Exercise goal: Repeat every line of the data exactly; no picture belongs in the copy.

Given data:
----
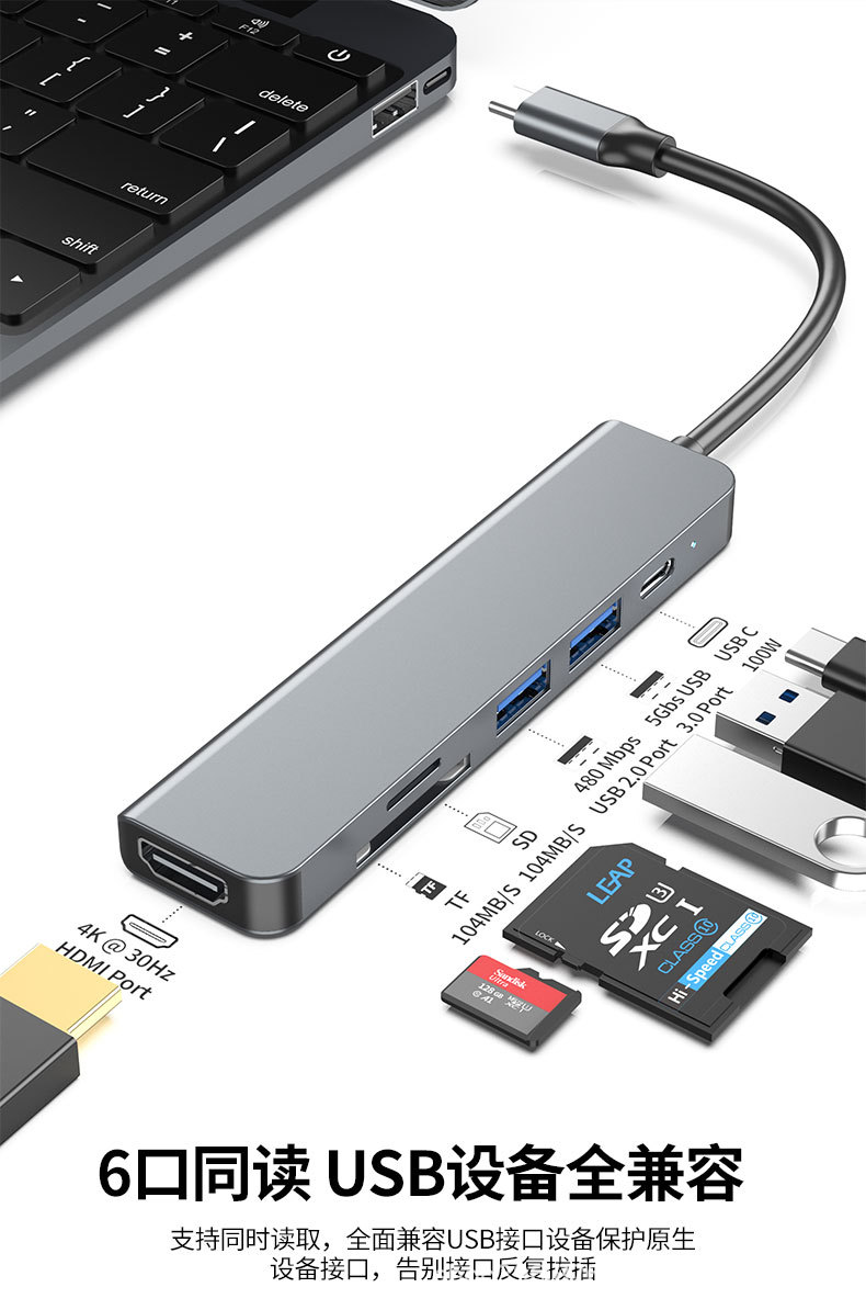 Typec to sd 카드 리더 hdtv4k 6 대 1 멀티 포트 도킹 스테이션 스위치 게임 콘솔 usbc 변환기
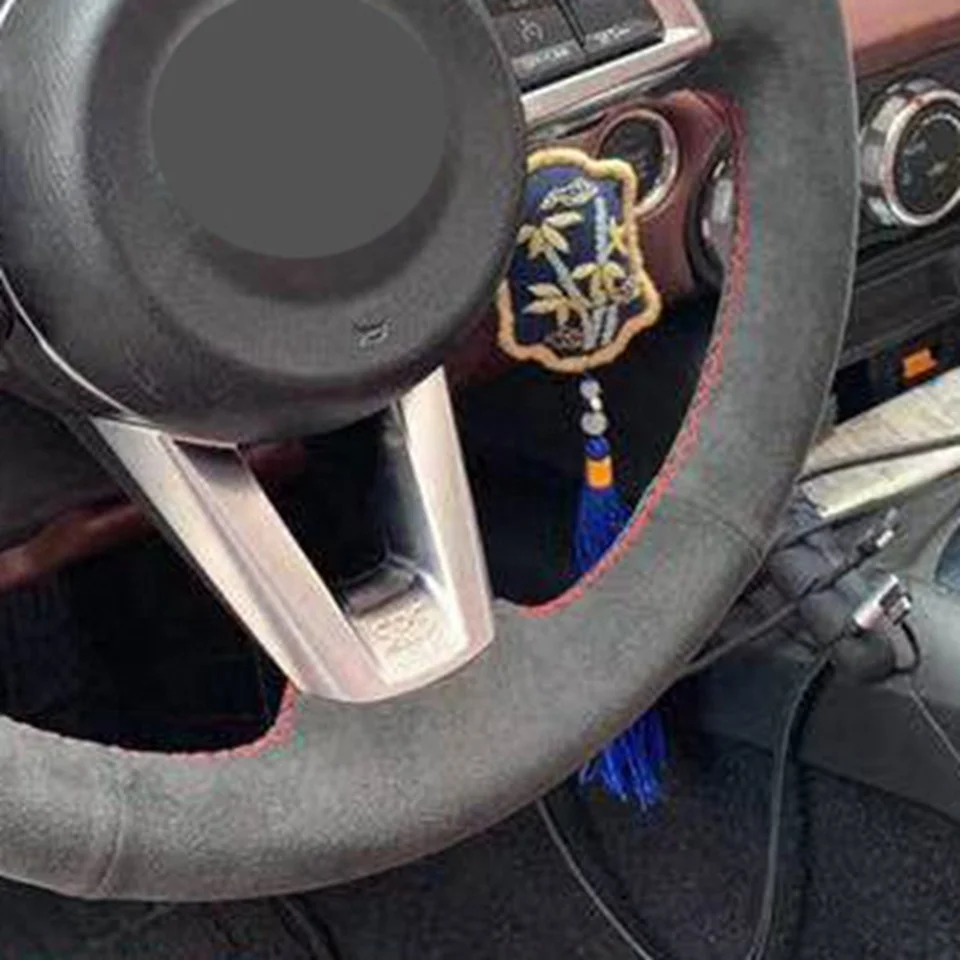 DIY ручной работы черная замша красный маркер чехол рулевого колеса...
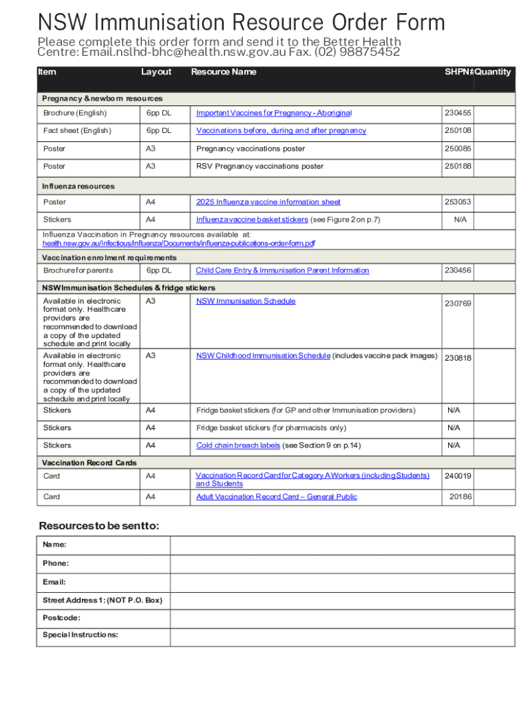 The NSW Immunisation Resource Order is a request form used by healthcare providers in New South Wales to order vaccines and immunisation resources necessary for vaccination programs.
----
Response below:
 Typec to sd 카드 리더 hdtv4k 6 대 1 멀티 포트 도킹 스테이션 스위치 게임 콘솔 usbc 변환기
 DIY ручной работы черная замша красный маркер чехол рулевого колеса...
 The NSW Immunisation Resource Order is a request form used by healthcare providers in New South Wales to order vaccines and immunisation resources necessary for vaccination programs.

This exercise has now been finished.